Während der ARCA-Neutrinodetektor von KM3NeT vor der Küste Siziliens auf die Entdeckung hochenergetischer Neutrinos ausgelegt ist – und kürzlich das bislang energiereichste je gemessene Neutrino nachgewiesen hat – ist der ORCA-Neutrinodetektor auf Neutrinos mit niedrigeren Energien spezialisiert. Er befindet sich rund 40 Kilometer vom französischen Toulon entfernt in einer Tiefe von 2450 Metern unter dem Meeresspiegel. Mit ORCA wollen Forschende vor allem Neutrinooszillationen untersuchen. Es ist dieses Phänomen, das Aufschlüsse darüber liefern kann, ob einige Theorien der Quantengravitation mit ihrer Beschreibung der Raumzeit und der Schwerkraft richtigliegen.
Denn: Neutrino ist nicht gleich Neutrino. Dieses Elementarteilchen kommt in drei unterschiedlichen »Geschmacksrichtungen« daher, als Elektron-Neutrino, Tau-Neutrino oder Muon-Neutrino. Es handelt sich dabei nicht um eine dauerhafte Eigenschaft wie zum Beispiel die elektrische Ladung eines Elementarteilchens, sondern um drei unterschiedliche Quantenzustände, zwischen denen ein Neutrino wechseln kann. Die Wahrscheinlichkeit, am Ende seiner Reise ein als Elektron-Neutrino erzeugtes Elementarteilchen als Tau-, Muon- oder Elektron-Neutrino anzutreffen, hängt dabei unter anderem von der Länge des zurückgelegten Wegs ab. Zusätzlich hängen die Periode und die Amplitude dieser Neutrinooszillationen von der Energie der Neutrinos sowie vom Ausbreitungsmedium ab. Deshalb können Forschende recht genau vorhersagen, mit welcher Wahrscheinlichkeit der ORCA-Detektor die verschiedenen Neutrinotypen registrieren sollte.
Eine Abweichung von diesen Wahrscheinlichkeiten hingegen könnte ein Hinweis auf Dekohärenz der Neutrinos sein. Dieses Phänomen wird von einigen Theorien der Quantengravitation vorhergesagt, in denen die Raumzeit selbst den Gesetzen der Quantenphysik folgen soll. Während laut der allgemeinen Relativitätstheorie die Schwerkraft keine Kraft im eigentlichen Sinn ist, sondern als Krümmung der Raumzeit beschrieben wird, wäre sie laut diesen Theorien den gleichen quantenphysikalischen Fluktuationen ausgesetzt, wie die anderen drei Grundkräfte der Natur.

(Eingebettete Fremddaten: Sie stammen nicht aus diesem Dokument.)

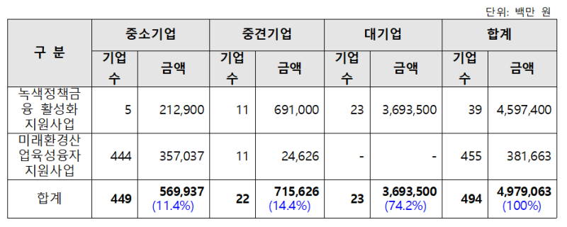기후에너지환경부 녹색융자 74%(3.7조원) 대기업 독식 - 자금여력이 부족한 중소기업 지원은 11.4% 불과
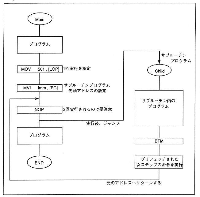 DSP programs (mnemonics) do not have dedicated instructions for subroutine execution. The subroutine is realized in the form shown in Figure 4.4 by combining the Load immediate instruction to [PC] and the LOOP BOTTOM instruction.
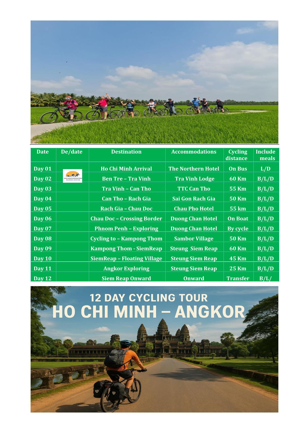 Embark on an unforgettable 12-day Mekong – Siem Reap bicycle tour, expertly designed for adventure seekers and culture enthusiasts looking for a comprehensive Vietnam travel itinerary and seamless Cambodia exploration. Your journey begins with a warm Ho Chi Minh City arrival, followed by a full day of Ho Chi Minh City exploration, where you’ll dive into the vibrant street life and rich history of this iconic metropolis. Pedal through the tranquil landscapes of the Ben Tre Coconut Kingdom, then continue your adventure with a scenic Ben Tre to Tra Vinh biking route, offering intimate views of rural life along the Mekong. The Mekong Delta cycling tour leads you further with a captivating Tra Vinh to Can Tho ride, culminating in an evening immersed in Can Tho nightlife and markets. Wake up to the bustle of the famous Cai Rang floating market before cycling from Can Tho to Rach Gia, and embarking on the picturesque Rach Gia to Chau Doc journey. A thrilling Chau Doc to Phnom Penh speed boat transfer carries you across the border into Cambodia.
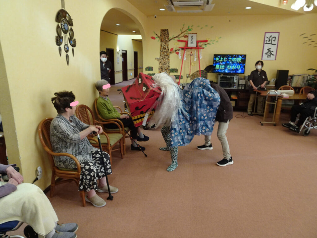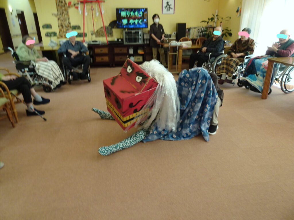 新年の愛光苑は毎年恒例のスタッフによる獅子舞レクです。
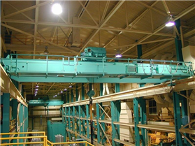 重機ye jin qizhong ji是制依靠沿廠房軌道方向的縱向移動、小車的橫向移動和吊鉤的升降運動來進行工作。適用于金屬冶煉車間,符合JB/T7688.1-95及JB/T7688.15-95標準的用于吊運熔融金屬的專用起重機。
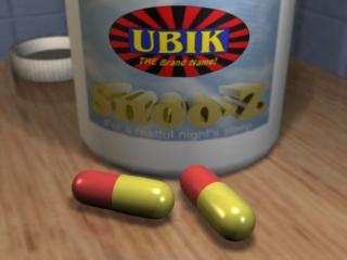 These pieces were created for fun, to be 'donated' to www.philipkdickfans.com as part of a planned site overhaul in the very dim and distant past, but the Ubik section never came to be updated and the graphics were never used. I am still rather partial to them, though, so they live on here.
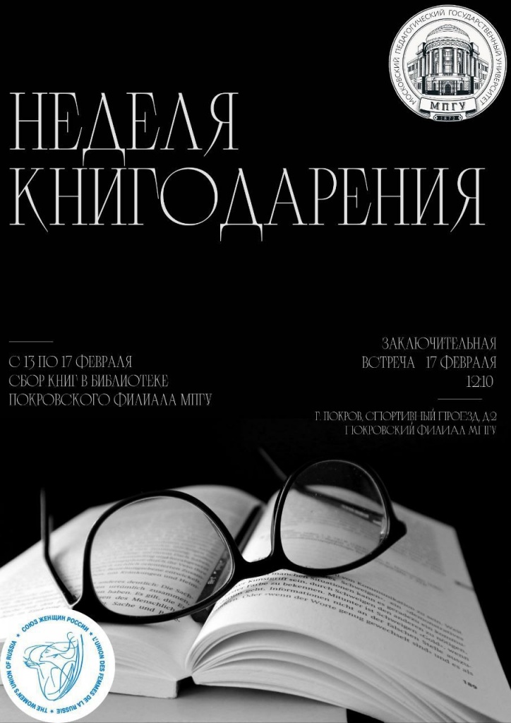 Покровский филиал МПГУ совместно с общественной организацией «Союз женщин Петушинского района» объявляет акцию «Неделя книгодарения».
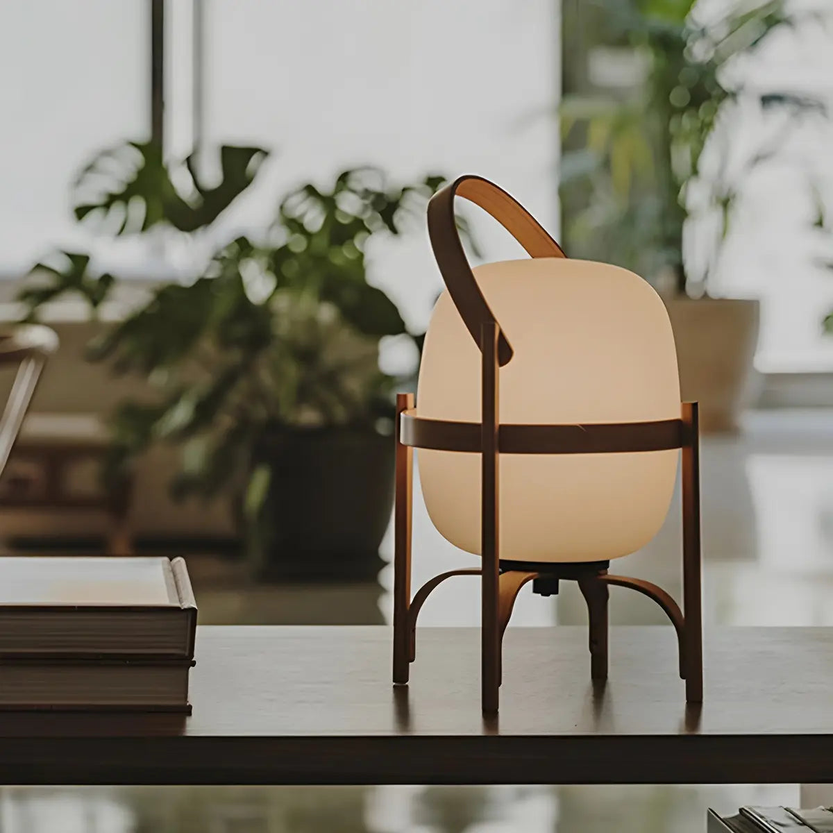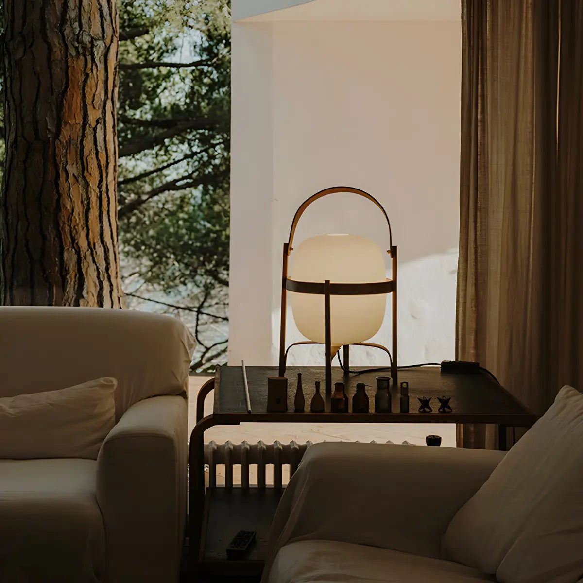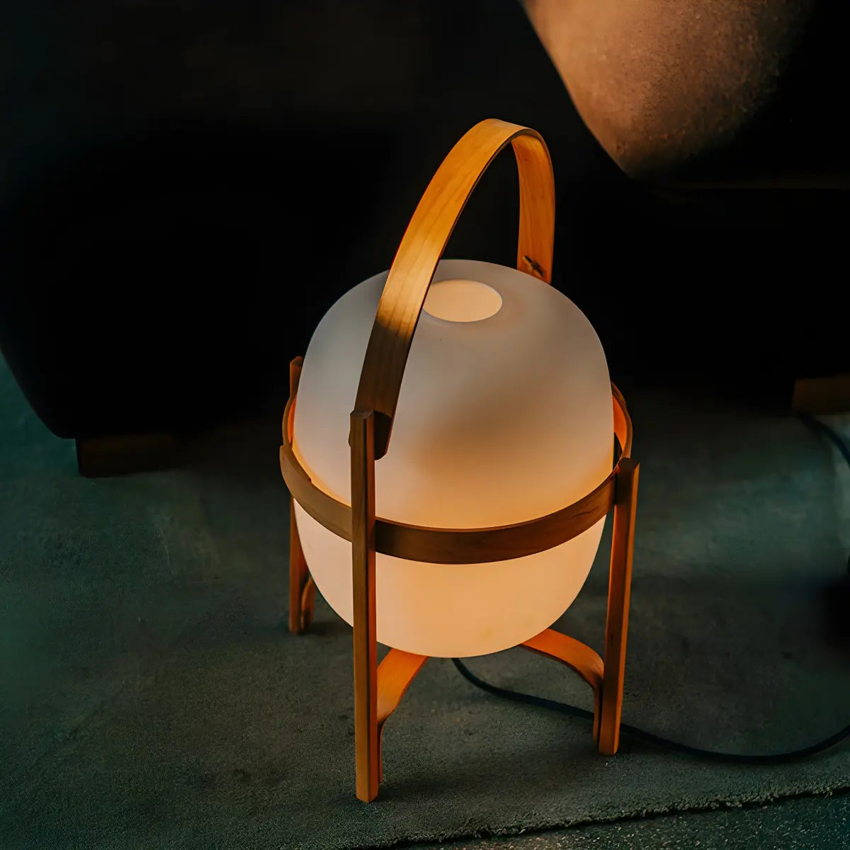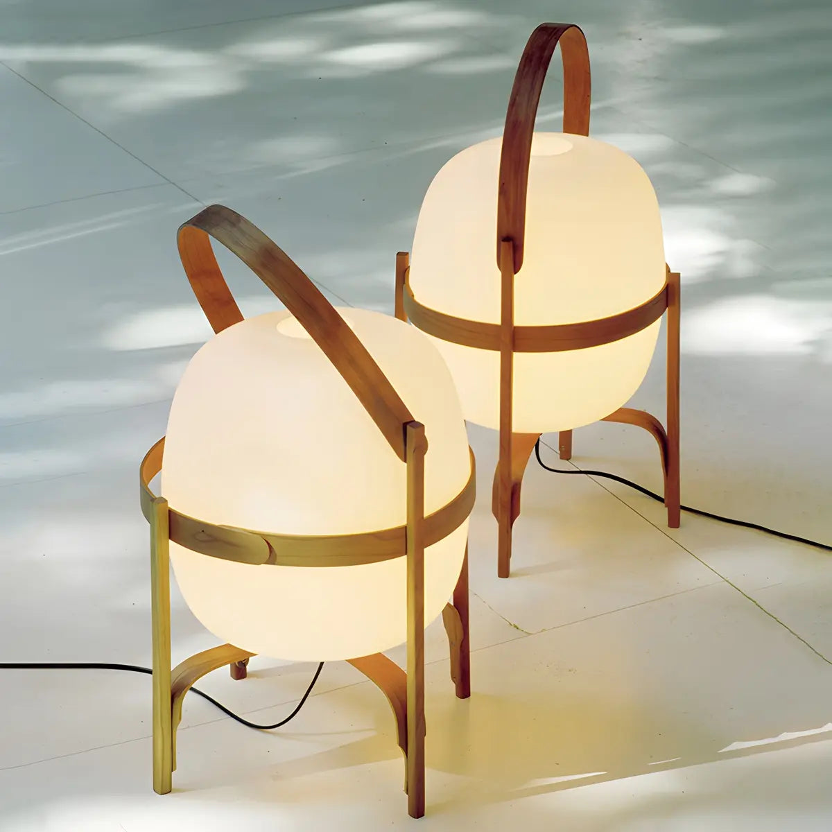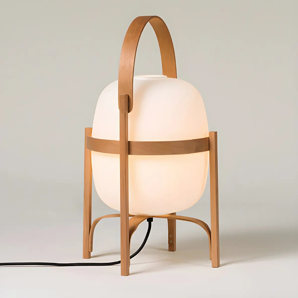 ZOWALA - Portable White Glass Wooden Cestita Floor Lamp

Da die Neutrinos mit den Quantenfluktuationen der Schwerkraft wechselwirken würden, wären sie als Quantensystem nicht mehr ungestört, sondern würden Informationen mit ihrer Umwelt austauschen. Die daraus resultierende Dekohärenz würde die Neutrinooszillationen reduzieren und so die Wahrscheinlichkeiten verändern, mit denen ein Neutrinodetektor wie der ORCA-Detektor von KM3NeT die verschiedenen Neutrinotypen registriert.

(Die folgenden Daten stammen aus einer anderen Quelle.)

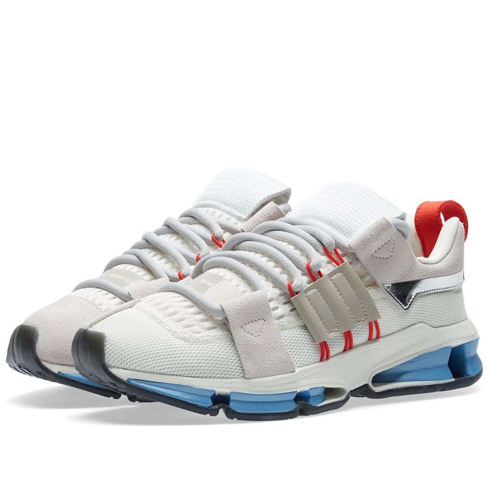 adidas Consortium 选择重塑 2003年首次亮相的复古跑鞋 A3 Twin strike,在经典鞋型基础上添加流行元素。鞋身以白色为主调,红、蓝作为点缀,鞋面由 Climacool 网眼材质结合麂皮组成,鞋带处加入反光拉标装饰细节,延续了中底的可见缓震装置,造就复古与前卫科技感相碰撞的外观。
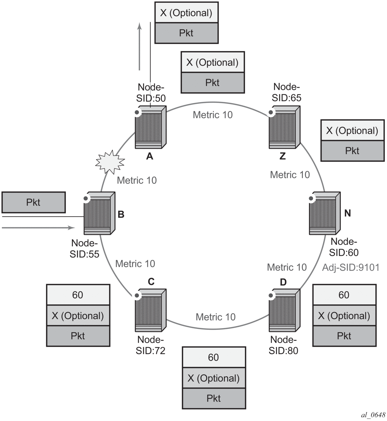 When node N receives the packet while the remote LFA next-hop is activated, it pops the top segment routing label which corresponds to a local node SID. This results in popping this label and forwarding of the packet to the ASBR node over the shortest path (link N-Z).
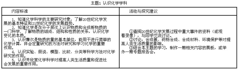 下面是高中化学课程标准中“内容标准”的节选。
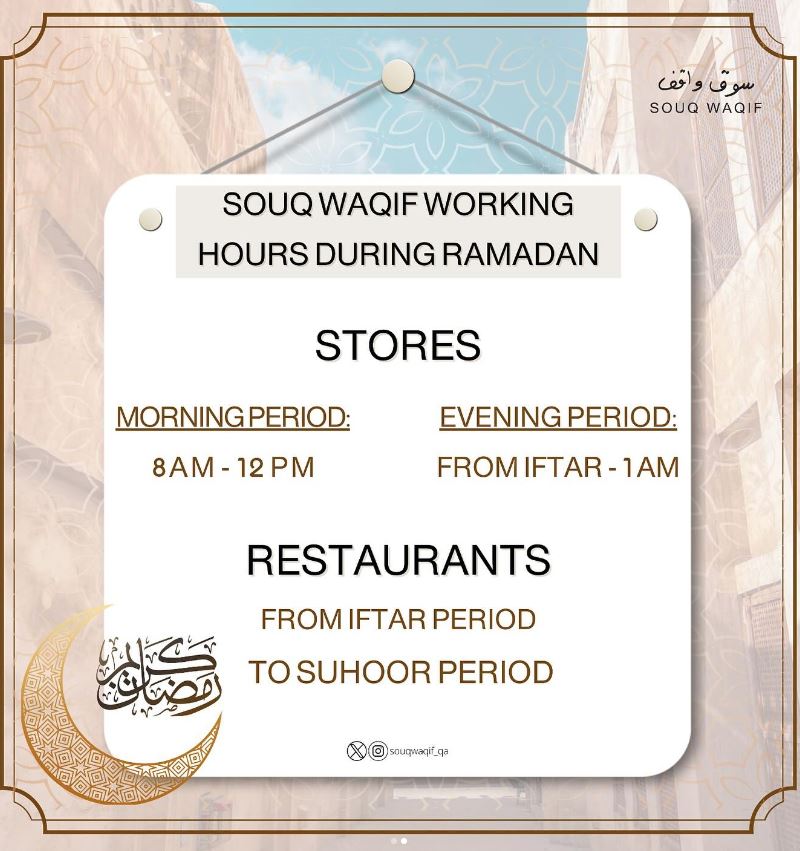 Meanwhile, stores in Souq Waqif will open from 8 am to 12 pm in the morning, and from Iftar time to 1 am for the evening period.
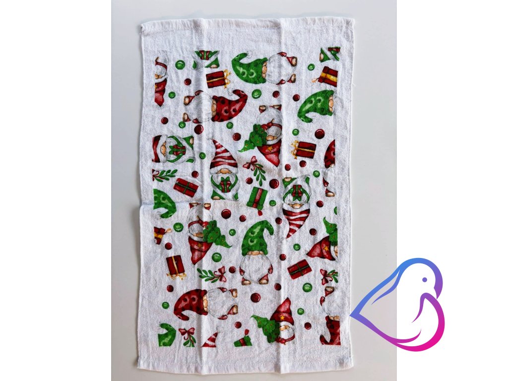 Vánoční utěrka s kouzelným motivem skřítků, která rozzáří každou kuchyni.
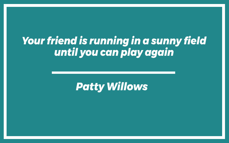“Your friend is running in a sunny field until you can play again.”Patty Willows

Für ihre Suche nach den Spuren dieser Dekohärenz verwendeten die Forschenden der KM3NeT-Kollaboration sechs Detektorstränge des ORCA-Detektors und suchten nach Neutrinos, die durch kosmische Strahlung in der Erdatmosphäre erzeugt werden und recht niedrige Energien von einigen Gigaelektronvolt bis zu 100 Gigaelektronvolt aufweisen. Um Störsignale zu reduzieren, beachteten sie dabei nur Ereignisse, die den Detektor von unten nach oben durchqueren, also von Neutrinos ausgelöst wurden, die auf der anderen Seite der Erde erzeugt worden waren und die Erde selbst durchquert hatten, bevor sie der Detektor registrierte. Im Zeitraum von Januar 2020 bis November 2021 kamen so 5828 Neutrino-Ereignisse zusammen, die in die Analyse einflossen.
Das Ergebnis: Die Forscherinnen und Forscher fanden keinerlei signifikante Abweichungen von den erwarteten Standard-Oszillationen. Die Neutrinos verhielten sich genauso wie erwartet und wiesen keine Anzeichen auf, dass die Schwerkraft quantenphysikalischen Schwankungen unterliegt. Völlig unerwartet ist dieses Ergebnis nicht, da es sich unter anderem mit Messungen des IceCube-Neutrinodetektors in der Antarktis deckt. Somit sind die Neutrinos zwar weiterhin verheißungsvolle Elementarteilchen, da sie eine experimentelle Überprüfung von Modellen der Quantengravitation ermöglichen. Gerade ihre Dekohärenz dürfte kaum durch etwas anderes erklärbar sein. Andererseits legt die nun erschienene Studie neue, strengere Grenzen für die Stärke fest, mit der eine solche mögliche Quantengravitation überhaupt mit Neutrinos wechselwirken könnte.